* Raw data
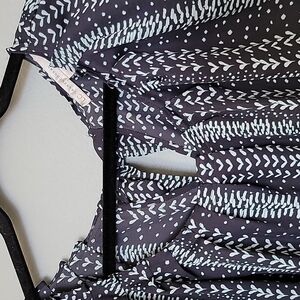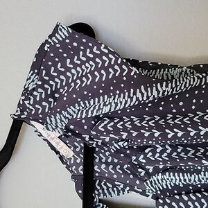 Black with mint colored pattern. Has cute heart, dot and line print. Cap sleeves. Ties behind the neck. Lightweight semi sheer fabric that doesn't stretch. There are some runs in the fabric at the chest, see close ups. Pleats around the neckline. Office, workplace, career, brunch, teacher, feminine, going out, spring, summer, dinner, cute, goth
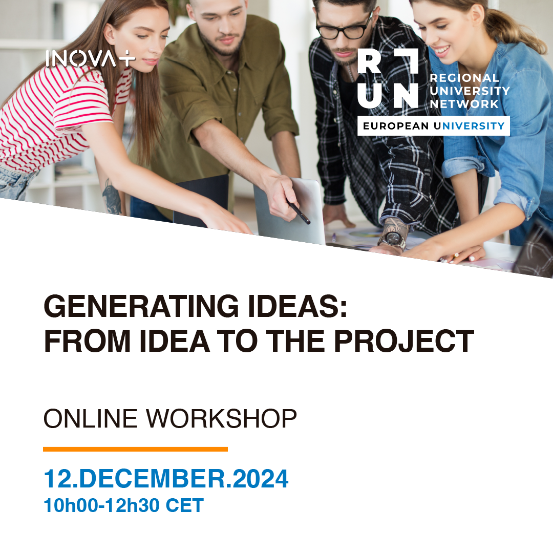 RUN-EU is co-organising with INOVA+ a series of online training workshops called ‘Capacity Workshops for Researchers, Teachers and Other Staff’—addressing staff from all members of the alliance, targeting Researchers, Teachers, Administrative and Technical staff from the internationalisation or project offices, or other staff appointed by the local managers.
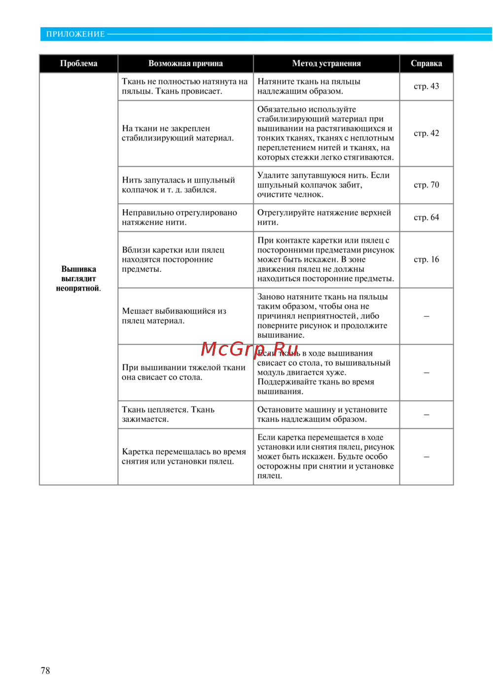 - Если машина перестала нормально работать то перед тем как обратиться за помощью в сервисный центр выполните следующие проверки если проблема остается обратитесь по месту покупки машины или в ближайший уполномоченный сервисный центр p.76

* Problem
Beginning with the line containing "RUN-EU is co-organising" and ending with the last line of the listing above, output those lines exactly as written, without pictures.

* Completed task
 RUN-EU is co-organising with INOVA+ a series of online training workshops called ‘Capacity Workshops for Researchers, Teachers and Other Staff’—addressing staff from all members of the alliance, targeting Researchers, Teachers, Administrative and Technical staff from the internationalisation or project offices, or other staff appointed by the local managers.
 - Если машина перестала нормально работать то перед тем как обратиться за помощью в сервисный центр выполните следующие проверки если проблема остается обратитесь по месту покупки машины или в ближайший уполномоченный сервисный центр p.76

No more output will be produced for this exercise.